[EXTRACTED INFORMATION — start]

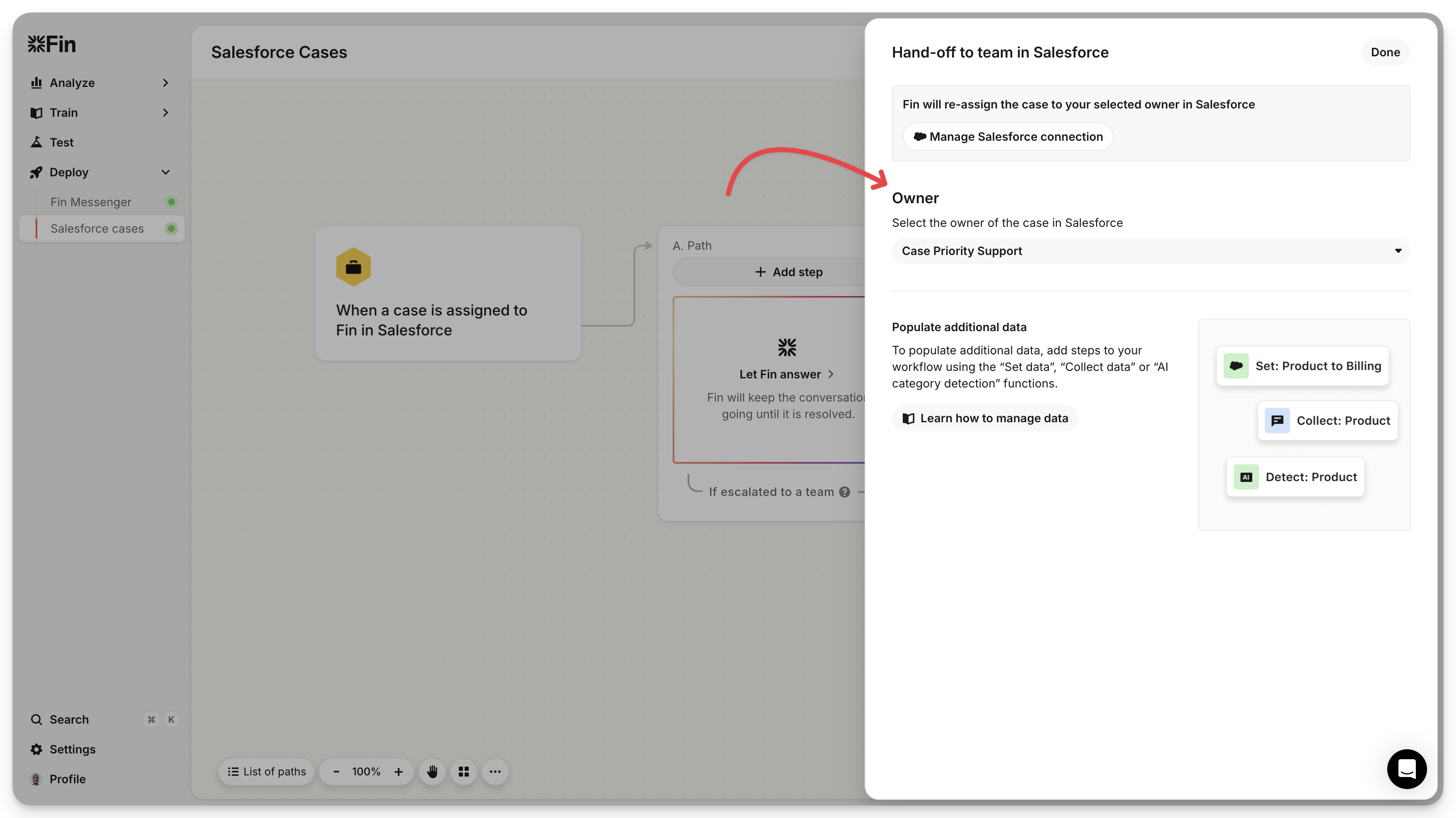 When Sweo can't answer, you can use "Hand-off to team in Salesforce" in your workflow. This enables Sweo to re-assign the case to your selected owner in Salesforce.
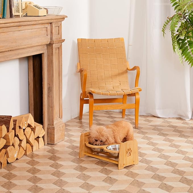 - Stable Anti-Skid: raised dog food bowls is made from Natural high quality bamboo.The dog feeding station with anti slip feet make it stable and does not slide easily, it prevent your pet from sliding bowls around and provide protection for your floors. Increases Anti-slip feet on bowl insets which eliminated the impact sound when pets are eating.
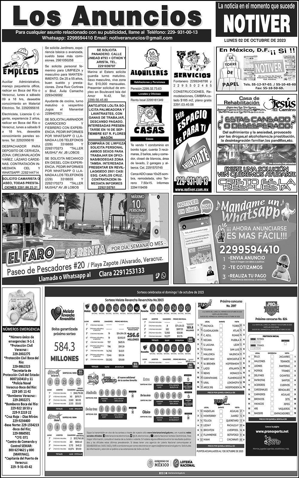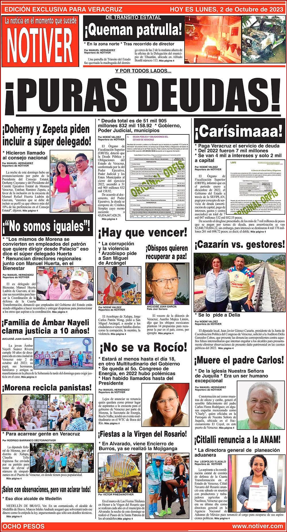 PRIMERA LA PORTADA - LUNES, 2 DE OCTUBRE 2023 Y POR TODOS LADOS... - *DEUDA TOTAL ES DE 51 MIL 905 MILLONES 832 MIL 158.92 *GOBIERNO, PODER JUDICIAL, MUNICIPIOS 2 octubre 2023 Y LOS ANUNCIOS...Cotice su Anuncio Su Correo Electrónico: Texto: Enviar
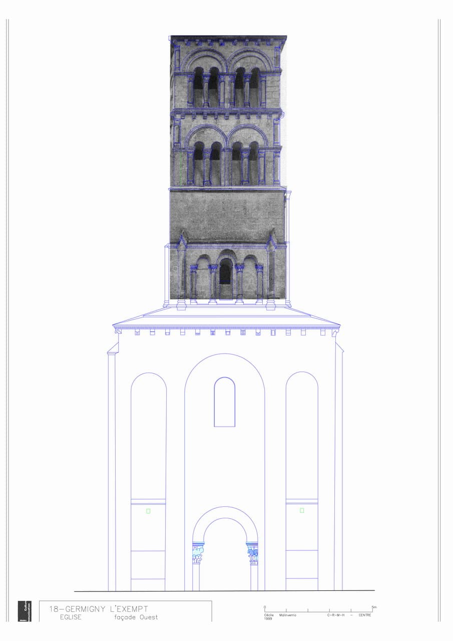 Eglise Notre-Dame : Façade ouest avec photo redressée.
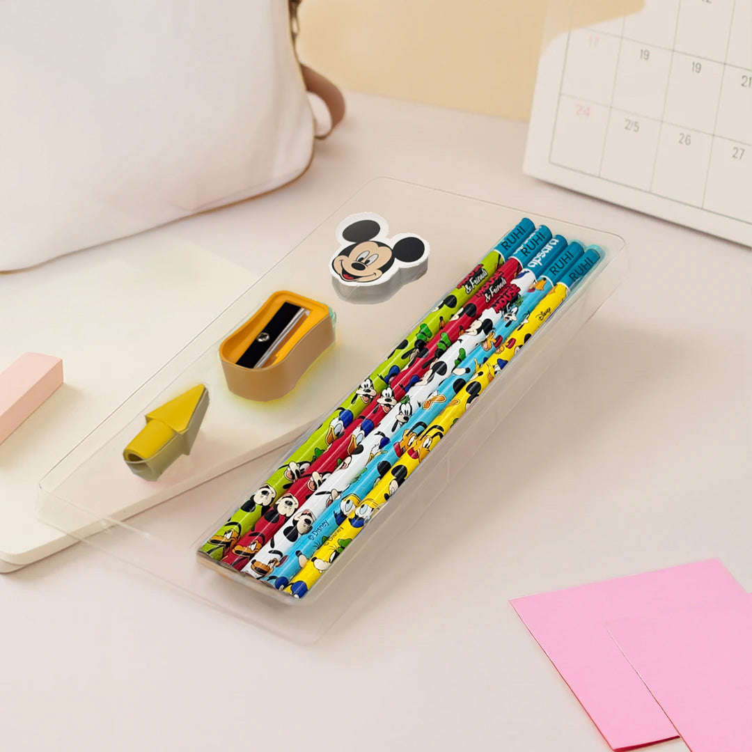 - 10 Pencil Pack + Accessories – Includes fun-shaped erasers and sharpener with Disney characters
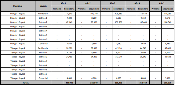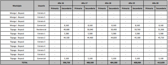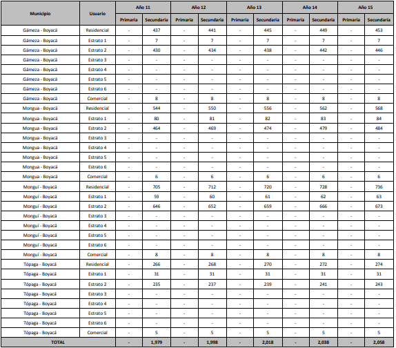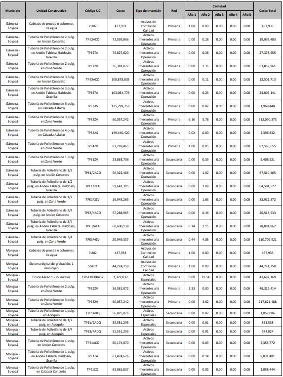 En la solicitud presentada se allegaron las proyecciones de demanda, las proyecciones de gastos de administración operación y mantenimiento, AOM, y el programa de nuevas inversiones, clasificadas según el listado de unidades constructivas establecido en el Anexo No. 8 de la Metodología.
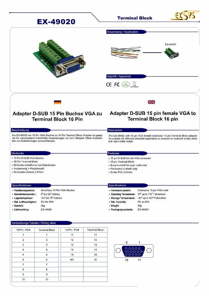 Adapter D-SUB 15 pin female VGA to Terminal Block 16 pin
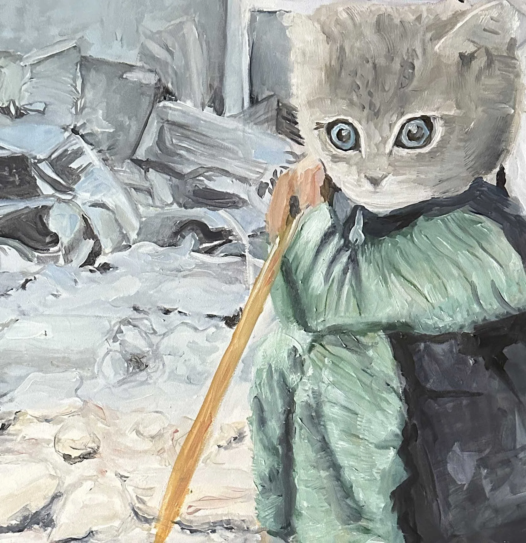 This was my first painting series at the School of the Art Institute of Chicago. Depicting the delayed reactions of commercial messaging when viewed in sequence of war footage, alienating the viewer from the true horror of the costs of war.

[EXTRACTED INFORMATION — finish]

ASSIGNMENT:
Without carrying over any picture, write out the entries above once more, exactly.

REPLY TO THE TASK:
 When Sweo can't answer, you can use "Hand-off to team in Salesforce" in your workflow. This enables Sweo to re-assign the case to your selected owner in Salesforce.
 - Stable Anti-Skid: raised dog food bowls is made from Natural high quality bamboo.The dog feeding station with anti slip feet make it stable and does not slide easily, it prevent your pet from sliding bowls around and provide protection for your floors. Increases Anti-slip feet on bowl insets which eliminated the impact sound when pets are eating.
 PRIMERA LA PORTADA - LUNES, 2 DE OCTUBRE 2023 Y POR TODOS LADOS... - *DEUDA TOTAL ES DE 51 MIL 905 MILLONES 832 MIL 158.92 *GOBIERNO, PODER JUDICIAL, MUNICIPIOS 2 octubre 2023 Y LOS ANUNCIOS...Cotice su Anuncio Su Correo Electrónico: Texto: Enviar
 Eglise Notre-Dame : Façade ouest avec photo redressée.
 - 10 Pencil Pack + Accessories – Includes fun-shaped erasers and sharpener with Disney characters
 En la solicitud presentada se allegaron las proyecciones de demanda, las proyecciones de gastos de administración operación y mantenimiento, AOM, y el programa de nuevas inversiones, clasificadas según el listado de unidades constructivas establecido en el Anexo No. 8 de la Metodología.
 Adapter D-SUB 15 pin female VGA to Terminal Block 16 pin
 This was my first painting series at the School of the Art Institute of Chicago. Depicting the delayed reactions of commercial messaging when viewed in sequence of war footage, alienating the viewer from the true horror of the costs of war.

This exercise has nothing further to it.